Although white westerners today like to believe there were only a few groups of backward Native Americans in
“the golden West” when Europeans arrived in the New World, there were, in fact, between 850,000 and one
million Native Americans in America– people who had successfully practiced their own cultures for at least
12,000 years. In the 18th and 19th centuries, tribes were on the move, eager for the horses of the southwest,
pushed out of their old territories in the East by other tribes and encroaching European/American civilization.
By the 1880s, the tribes, pushed off their lands, riddled with smallpox, tuberculosis and venereal diseases, were
starving and tattered.
Nevertheless, there arose in the eastern part of the United States a widespread belief that the Native Americans,
like the bison, were vanishing, and then not only painters but photographers rushed west to capture the exotic
essence of Native Americans.
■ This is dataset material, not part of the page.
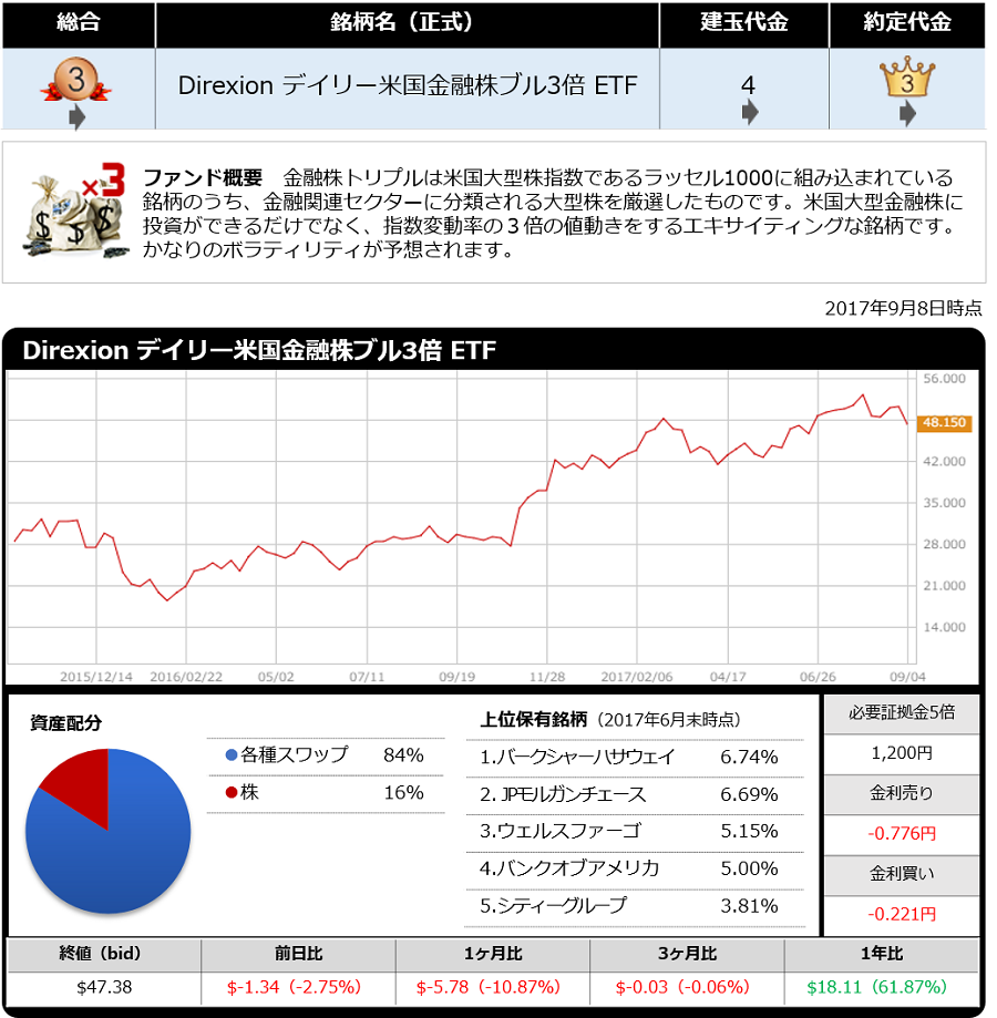 総合3位は「Direxion デイリー米国金融株ブル3倍 ETF 」、通称、金融株トリプル。FRBによる年内追加利上げ期待の後退やトランプ氏の不安定な政権運営等を背景に長期金利の低下に伴い金融株も下げ基調となりましたが、自動売買では【リターン重視】、【バランス重視】で上位にランクインする等依然人気が高く引き続き総合3位となりました。ボラティリティの大きい銘柄なので、値下がり局面で資金ショートしないよう口座の資金管理には十分ご注意ください。

From the 1860s onward, cabinet card photographs of Native Americans were
hugely popular. The Native American quickly became a commercial commodity, eventually used to sell
everything from sports teams to canned peaches. More than a few of the photographers used fake props and
costumes to enhance their images; real Native Americans were, by the 1880s, demoralized and clad in dirty
rags. The sense that they would soon be gone goaded museums and collectors to start gathering up artifacts:
baskets, beadwork, pottery, arrows, cradleboards. This habit became ingrained in westerners who commonly
seek and pick up arrowheads when they come across them.
Thus, by the early 20th century a kind of romantic, picturesque movement began to show Native Americans as a
handsome, noble and tragic (though still generic) people. This sympathy for the conquered persists – although
now it is mixed in with some white Americans’ quests for spiritual healing and psychedelic drugs said to lead
users to serenity and health. One look at conditions on most reservations will show that serenity and health are
anything but hallmarks of today’s Native Americans. The other side of the “noble Indian” experience is places
like Gallup, New Mexico, where Native Americans spend their Saturday nights in the grip of alcoholism – a
disease that ruins many of their lives across the country.